* Directions:
Copy nothing but the text: repeat each entry exactly and drop the images.

+++ Data for this exercise

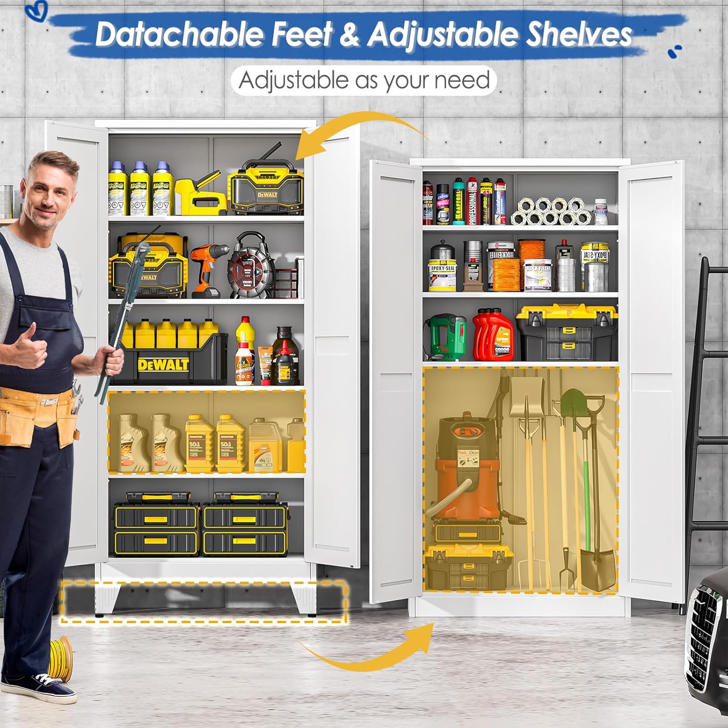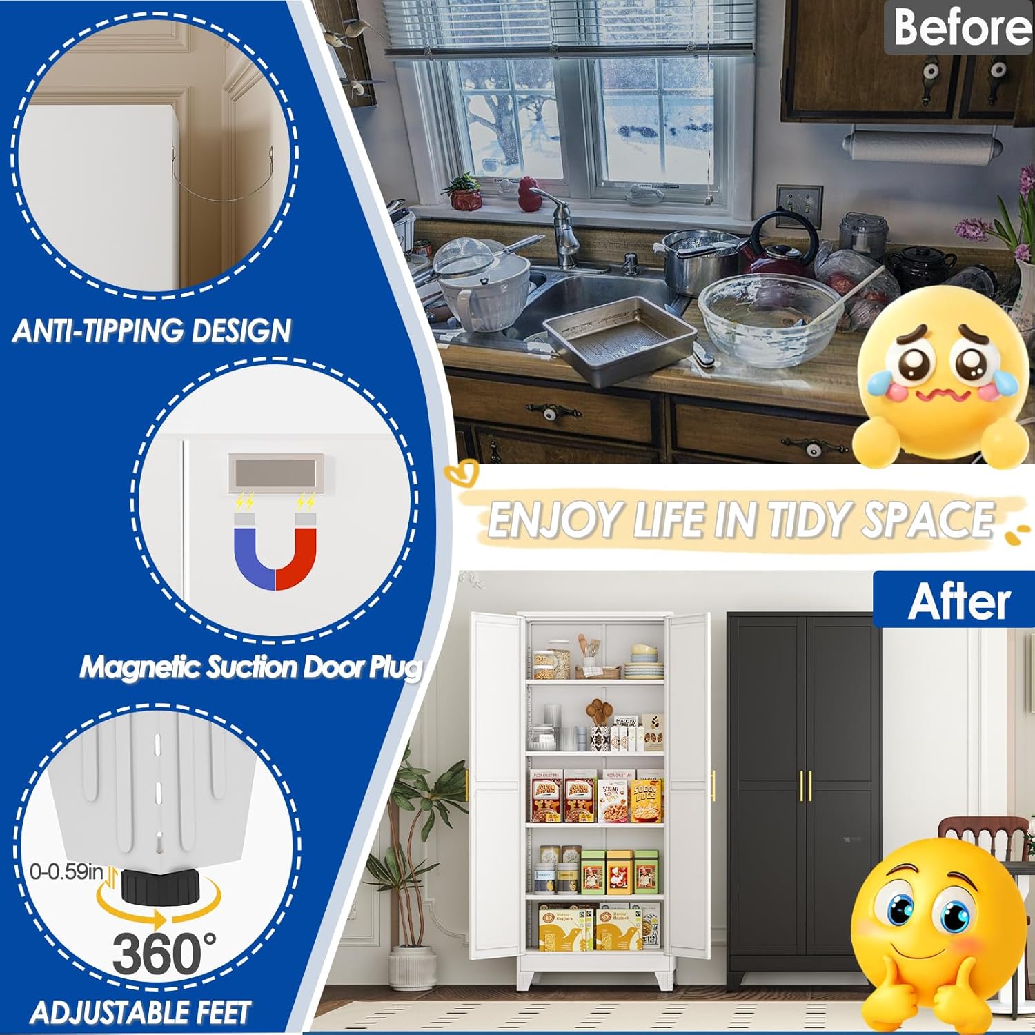 71" Tall Metal Storage Cabinet with 2 Doors and 4 Adjustable Shelves, Kitchen Pantry Cabinet White Freestanding Cupboard, 5 Tier Multifunctional Steel Storage for Office, Kitchen, Dining Room
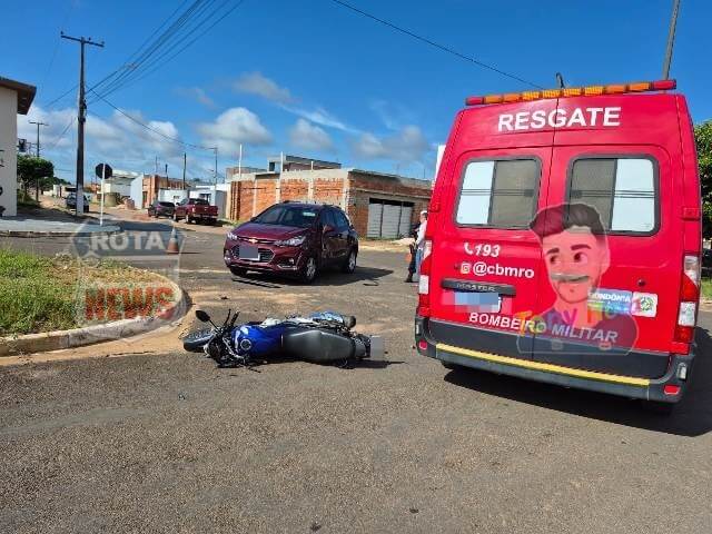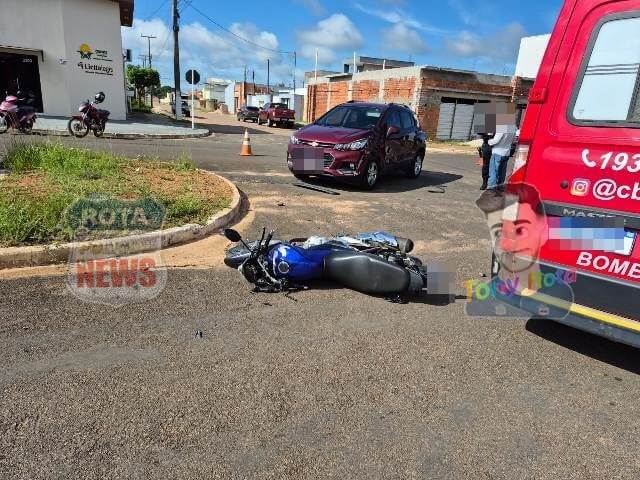 A colisão, também entre moto e carro, deixou uma pessoa ferida, que recebeu atendimento no local e foi levada ao hospital pelos bombeiros.
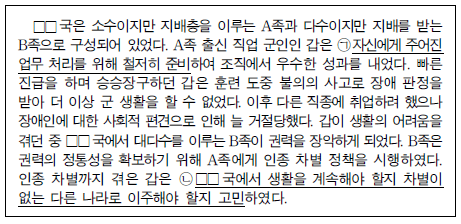 ⑤ B족과 달리 A족은 사회적 소수자 우대 정책으로 역차별을 받았다.
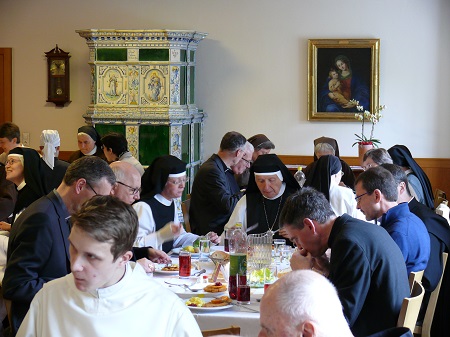 Nach dem Vortrag feierte Weihbischof Eleganti mit den Ordensleuten in der Pfarrkirche St. Gallus die Eucharistie. Die geistliche Familie „Das Werk“ lud anschließend zu einem einfachen Mittagessen und geschwisterlichen Beisammensein in das Refektorium des Klosters ein. Eine feierliche Maiandacht in der Klosterkirche beendete den diesjährigen Ordenstag.
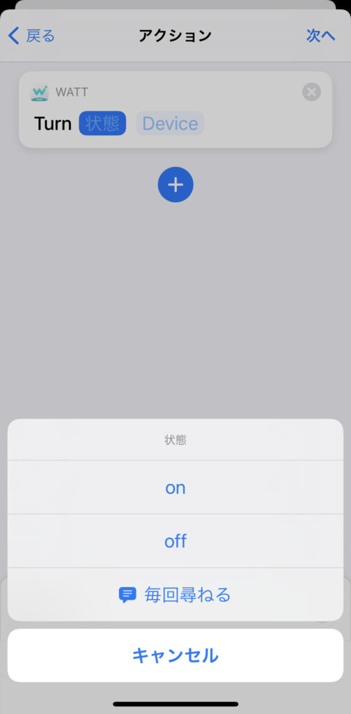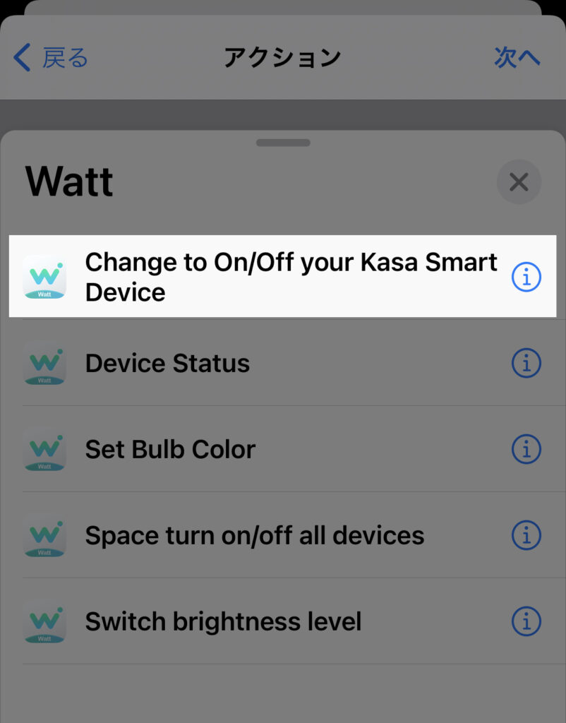 実行出来るアクションの一覧が出てきます。今回はコンセントのOn/Offなので
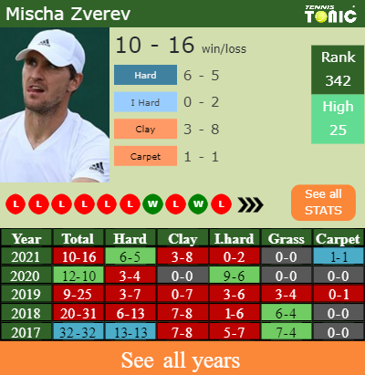 Zverev has an overall 10-16 win-loss record in 2021, 1-1 on carpet (See FULL STATS).
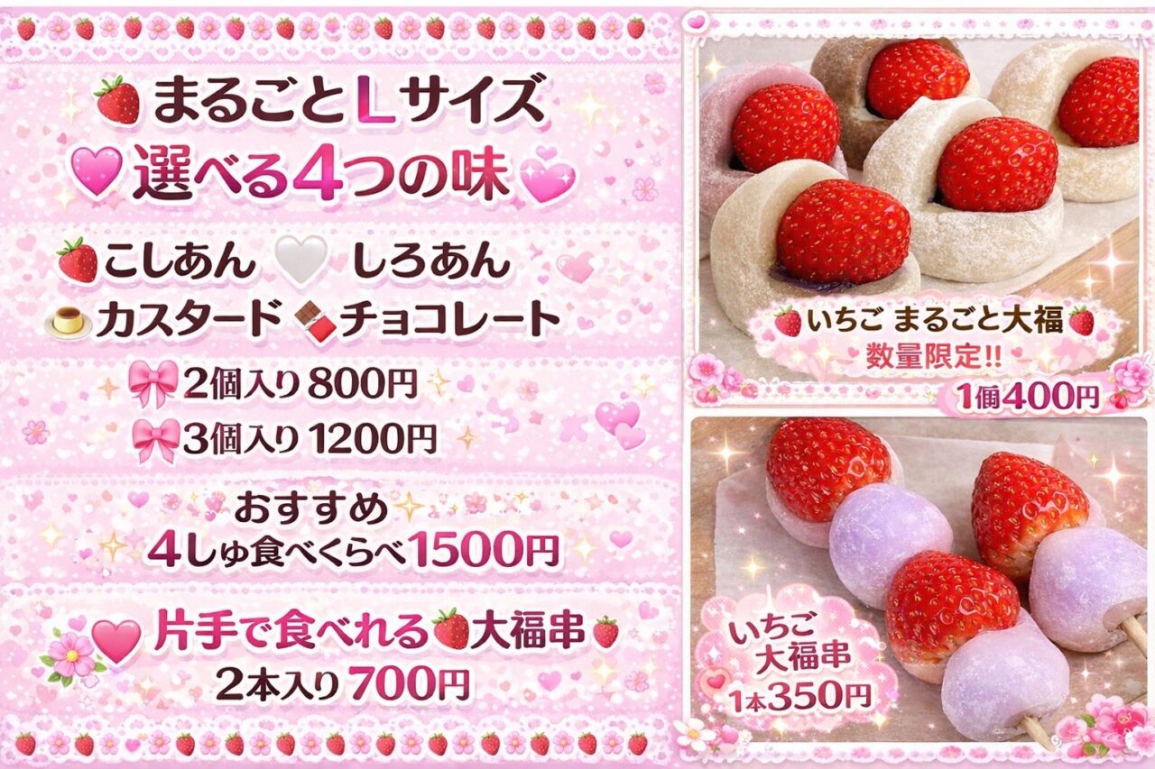 販売予定商品:いちご大福、みたらし団子など

++++++

* Response below:
 71" Tall Metal Storage Cabinet with 2 Doors and 4 Adjustable Shelves, Kitchen Pantry Cabinet White Freestanding Cupboard, 5 Tier Multifunctional Steel Storage for Office, Kitchen, Dining Room
 A colisão, também entre moto e carro, deixou uma pessoa ferida, que recebeu atendimento no local e foi levada ao hospital pelos bombeiros.
 ⑤ B족과 달리 A족은 사회적 소수자 우대 정책으로 역차별을 받았다.
 Nach dem Vortrag feierte Weihbischof Eleganti mit den Ordensleuten in der Pfarrkirche St. Gallus die Eucharistie. Die geistliche Familie „Das Werk“ lud anschließend zu einem einfachen Mittagessen und geschwisterlichen Beisammensein in das Refektorium des Klosters ein. Eine feierliche Maiandacht in der Klosterkirche beendete den diesjährigen Ordenstag.
 実行出来るアクションの一覧が出てきます。今回はコンセントのOn/Offなので
 Zverev has an overall 10-16 win-loss record in 2021, 1-1 on carpet (See FULL STATS).
 販売予定商品:いちご大福、みたらし団子など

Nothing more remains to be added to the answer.